» Problem to solve
From the listing below, please restate exactly the lines beginning at the one with "Luxury Colorful Gemstone" and ending at the one with "Looking for a", both included, and skip the pictures.

» Task input

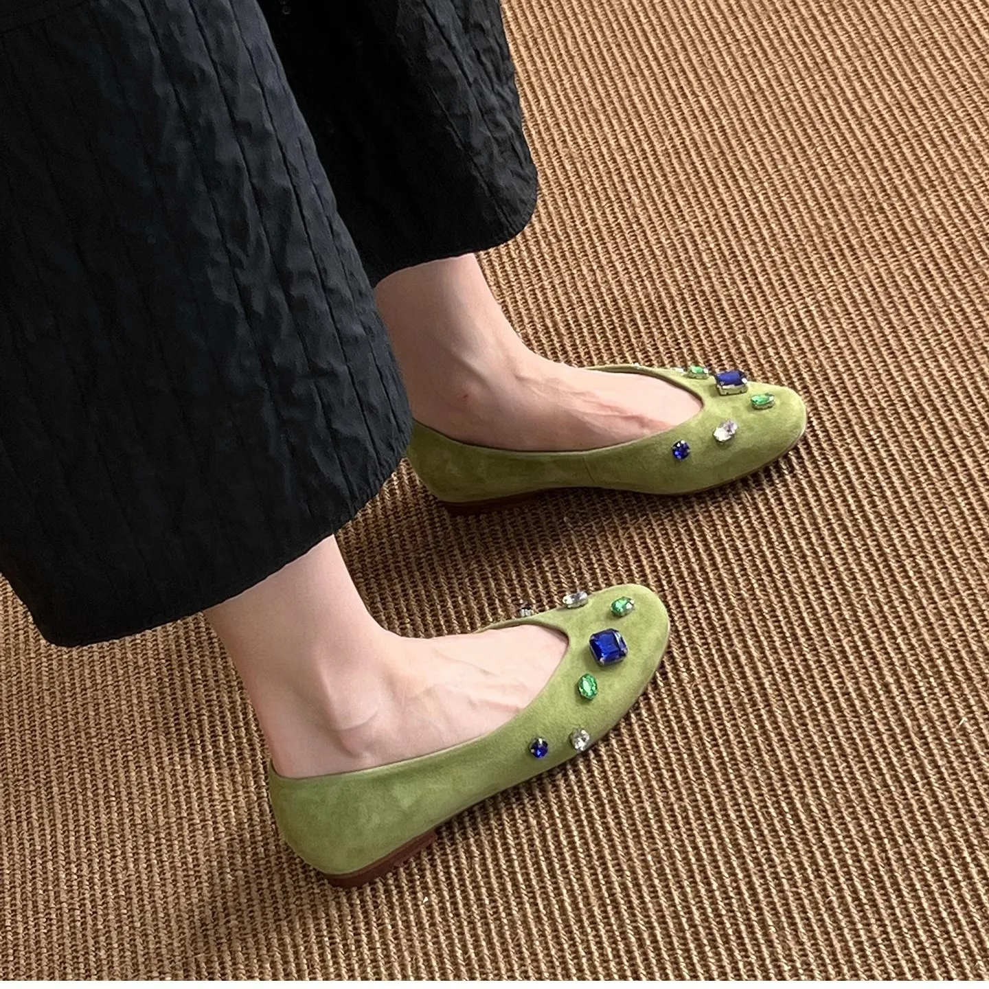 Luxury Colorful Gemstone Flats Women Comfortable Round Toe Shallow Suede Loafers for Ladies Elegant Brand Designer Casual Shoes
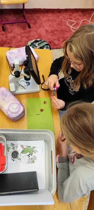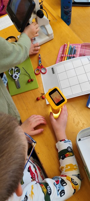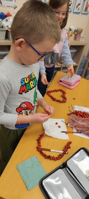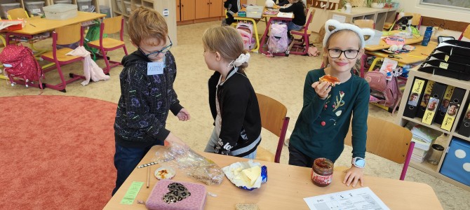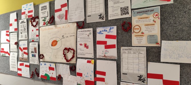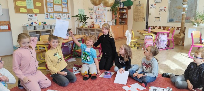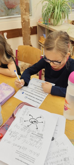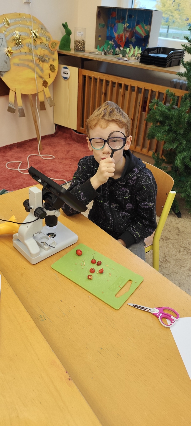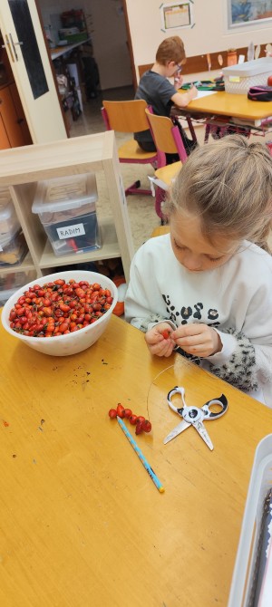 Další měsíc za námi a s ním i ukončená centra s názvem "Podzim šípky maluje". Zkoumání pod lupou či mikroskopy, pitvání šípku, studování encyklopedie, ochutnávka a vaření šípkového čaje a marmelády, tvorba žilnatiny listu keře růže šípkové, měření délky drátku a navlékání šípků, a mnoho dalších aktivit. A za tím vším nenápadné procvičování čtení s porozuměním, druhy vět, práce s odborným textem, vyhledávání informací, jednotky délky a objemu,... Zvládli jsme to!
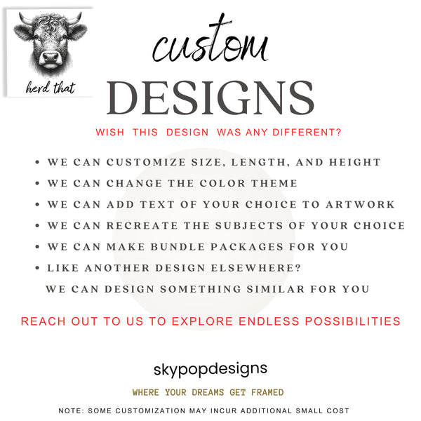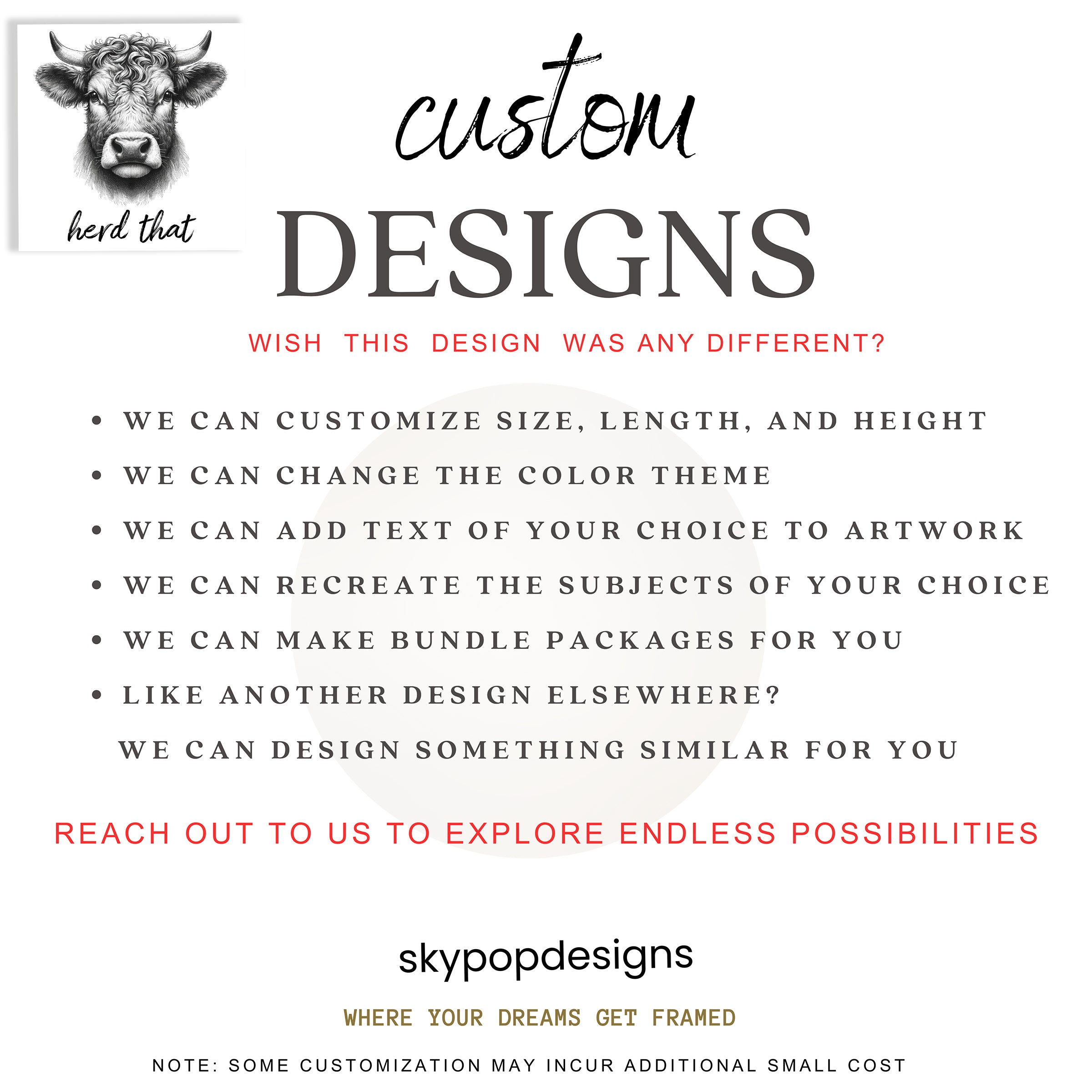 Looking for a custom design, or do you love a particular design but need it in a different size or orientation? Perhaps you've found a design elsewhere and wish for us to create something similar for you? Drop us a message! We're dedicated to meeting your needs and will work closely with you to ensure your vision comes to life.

---

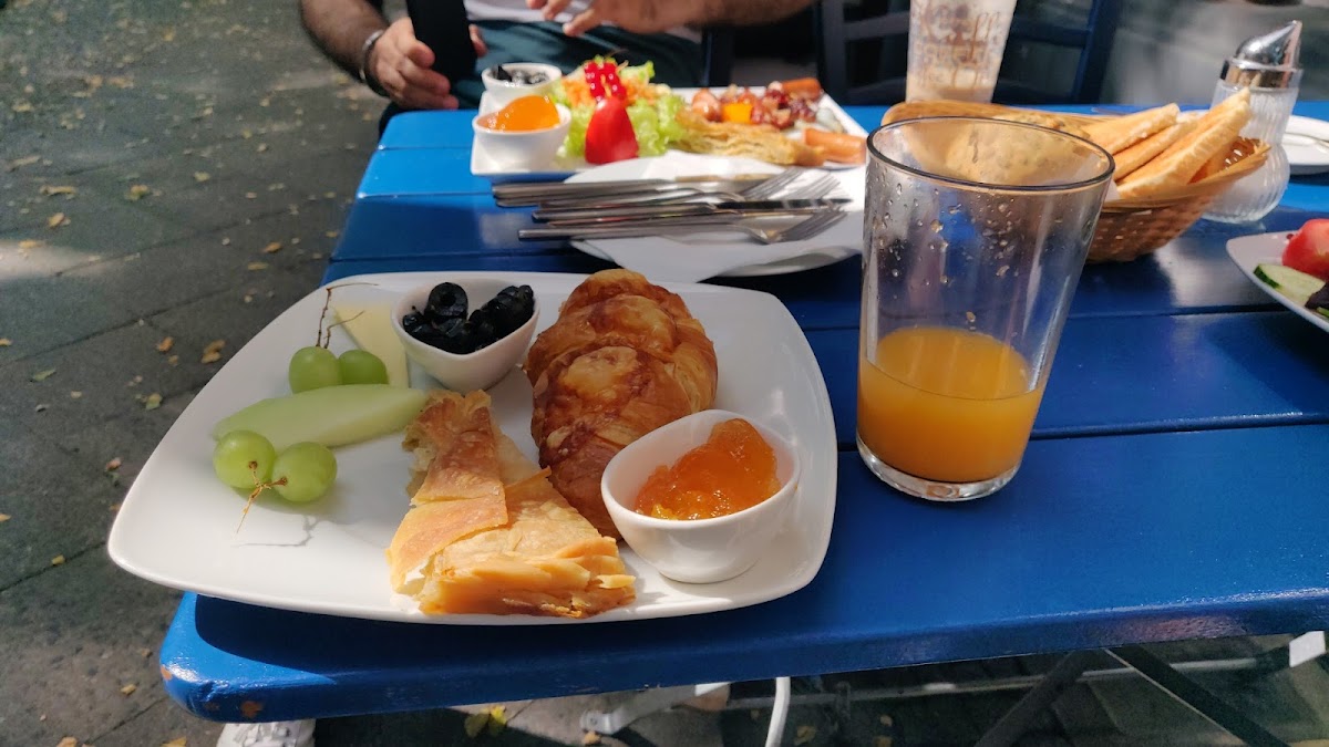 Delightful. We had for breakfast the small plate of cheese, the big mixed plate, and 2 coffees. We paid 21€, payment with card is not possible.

» Solution
 Luxury Colorful Gemstone Flats Women Comfortable Round Toe Shallow Suede Loafers for Ladies Elegant Brand Designer Casual Shoes
 Další měsíc za námi a s ním i ukončená centra s názvem "Podzim šípky maluje". Zkoumání pod lupou či mikroskopy, pitvání šípku, studování encyklopedie, ochutnávka a vaření šípkového čaje a marmelády, tvorba žilnatiny listu keře růže šípkové, měření délky drátku a navlékání šípků, a mnoho dalších aktivit. A za tím vším nenápadné procvičování čtení s porozuměním, druhy vět, práce s odborným textem, vyhledávání informací, jednotky délky a objemu,... Zvládli jsme to!
 Looking for a custom design, or do you love a particular design but need it in a different size or orientation? Perhaps you've found a design elsewhere and wish for us to create something similar for you? Drop us a message! We're dedicated to meeting your needs and will work closely with you to ensure your vision comes to life.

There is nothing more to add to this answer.